Put the Fuckin Lotion in the Basket

Offsite Link
by Anonymousreply 148June 11, 2018 7:05 PM

Let's not, please.

Everyone FF this troll, he is relentless.

by Anonymousreply 1April 26, 2017 4:44 PM

I'm Michelle Pfeiffer, still bitter about turning down this movie.

by Anonymousreply 2April 26, 2017 4:44 PM

I'm fava beans.

by Anonymousreply 3April 26, 2017 4:52 PM

I'm the length of bone when Jane Gumb sees himself in the mirror.

by Anonymousreply 4April 26, 2017 5:24 PM

[quote]Let's not, please. Everyone FF this troll, he is relentless.

Why do some of the Marys round here think just one person posts Let's Be threads?

by Anonymousreply 5April 26, 2017 5:35 PM

I'm the cum dripping down Starling's face.

by Anonymousreply 6April 26, 2017 5:36 PM

I'm "Goodbye Horses" by Q Lazzarus.

by Anonymousreply 7April 26, 2017 5:38 PM

I'm the lip sucking Hannibal does after he mentions R3 and a nice chianti.

by Anonymousreply 8April 26, 2017 5:40 PM

I'm the privacy screen....

by Anonymousreply 9April 26, 2017 5:45 PM

I'm Fosters dyed brown hair in the film.

by Anonymousreply 10April 26, 2017 5:46 PM

I'm Hannibals drawings in his cell.

by Anonymousreply 11April 26, 2017 5:47 PM

I'm the line "Get me out of here, you fucking bitch!"

by Anonymousreply 12April 26, 2017 5:49 PM

I'm the missing apostrophe in "Let's".

by Anonymousreply 13April 26, 2017 5:50 PM

I'm Jodie's second Oscar. Suck it, Sarandon.

by Anonymousreply 14April 26, 2017 5:51 PM

I'm Clarices roommate at Quantico. I think I was in The Craft too, or maybe it was a chick who looked a lot like me.
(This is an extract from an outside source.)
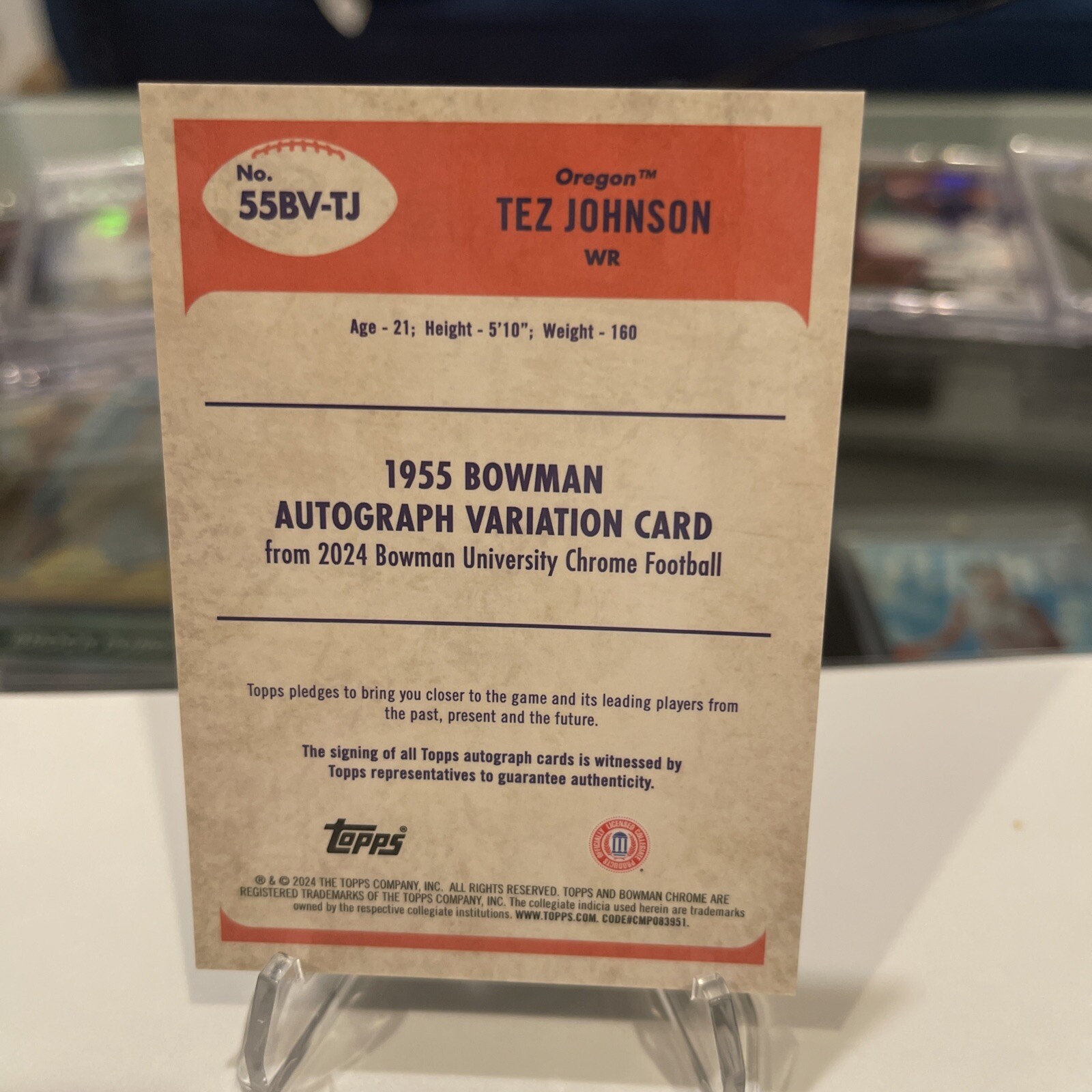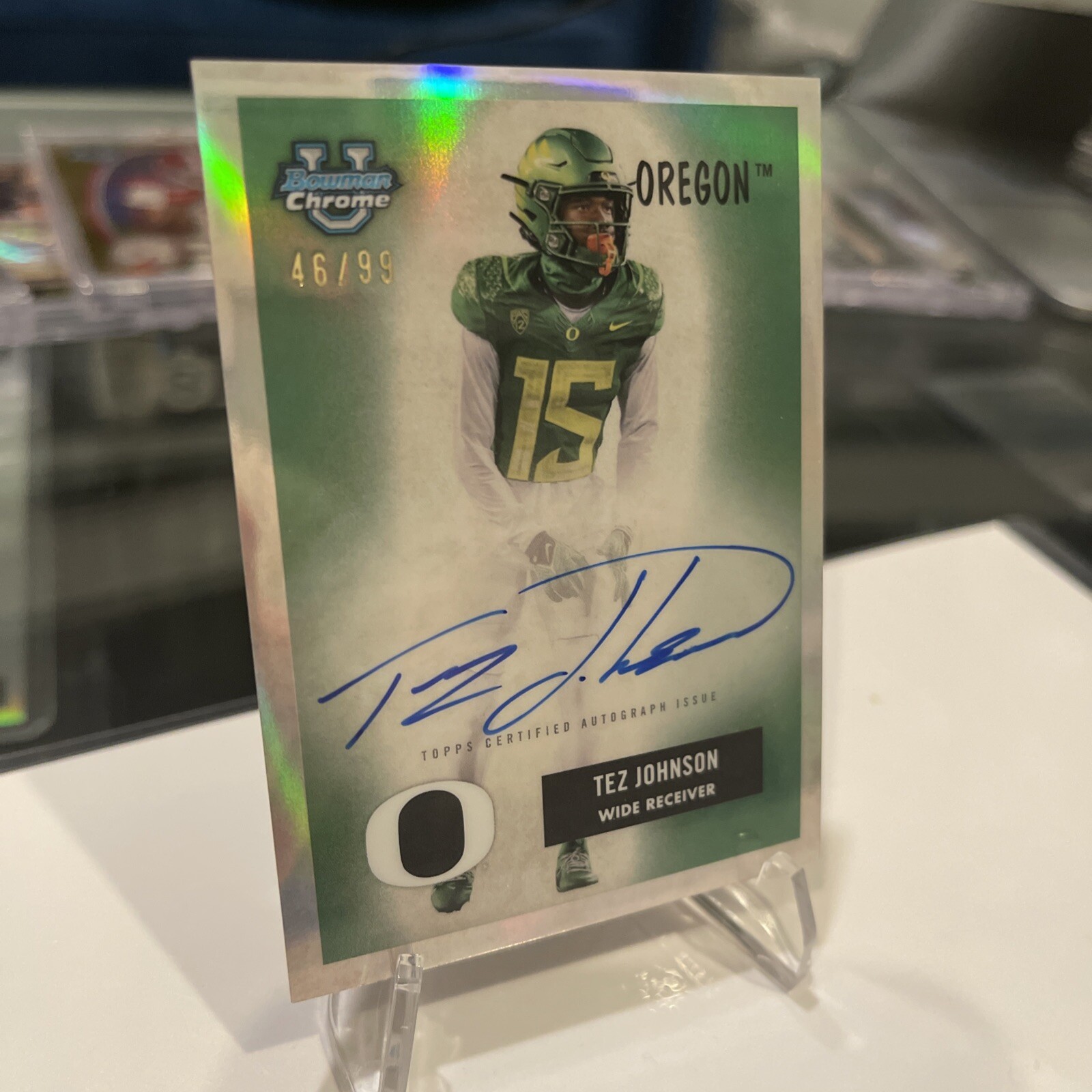 Capture a piece of sports history with the 2024 Bowman U Chrome Tez Johnson Color Match Auto card. Limited to just 99 prints, this rare find features the Oregon Ducks' standout in a dazzling Green 1955 Bowman Auto parallel variety, making it a must-have for collectors and football enthusiasts alike. Each card is serial numbered and includes an authentic autograph by Tez Johnson himself, certified by Topps. Beyond the striking design and exclusive print run, this card is a testament to Johnson's athletic prowess and potential. As a hard-signed gem from the 2024 Bowman set, it's a unique treasure that celebrates both the player's career and the NCAA's rich tradition of competition. Add this card to your collection and own a snapshot of football greatness.

by Anonymousreply 15April 26, 2017 5:57 PM

I'm the jar in the car in the storage area.

by Anonymousreply 16April 26, 2017 6:04 PM

I'm the cell on Plum Island.

by Anonymousreply 17April 26, 2017 6:14 PM

I'm Chris Isaac inspecting the elevator car.

by Anonymousreply 18April 26, 2017 6:16 PM

I'm Frederica Bimmel. the fat girl victim with the nude selfies hidden in her room.

by Anonymousreply 19April 26, 2017 6:37 PM

I'm the doomed, yet apparently tasty, Census taker.

by Anonymousreply 20April 26, 2017 6:50 PM

I'm [italic]Beauty and the Beast[/italic], the movie that would have won Best Picture if this one had been made in any other year.

by Anonymousreply 21April 26, 2017 6:51 PM

I'm the Senator's nipples.

by Anonymousreply 22April 26, 2017 6:56 PM

[quote] I'm Michelle Pfeiffer, still bitter about turning down this movie.

I'm [italic]Frankie & Johnny[/italic], the movie she made instead. Ka-THUD!

by Anonymousreply 23April 26, 2017 7:03 PM

I'm the Death's Head moth that tips off Clarice.

by Anonymousreply 24April 26, 2017 7:34 PM

I am Tom Petty's "American Girl" playing while Catherine Martin drives to her doom. I underscore her last moments of freedom.

by Anonymousreply 25April 26, 2017 7:44 PM

I'm the unused film shot when it was deemed the film needed to be darker.

by Anonymousreply 26April 26, 2017 7:51 PM

I'm the study white male cadet who is both impressed and intimidated by Clarise's talents.

by Anonymousreply 27April 26, 2017 8:14 PM

I am the confusing last 10 minutes when it isn't clear where Clarise is or how she knew to go there.

by Anonymousreply 28April 26, 2017 8:24 PM

🐏 BAA BAA

WAA WAA 🐑

🐏BAA BAA

WAA WAA 🐑

by Anonymousreply 29April 26, 2017 9:16 PM

🐏 BAA BAA

WAA WAA 🐑

🐏BAA BAA

WAA WAA 🐑

by Anonymousreply 30April 26, 2017 9:16 PM

R29/R30, I'm giving serious thought to eating your wife.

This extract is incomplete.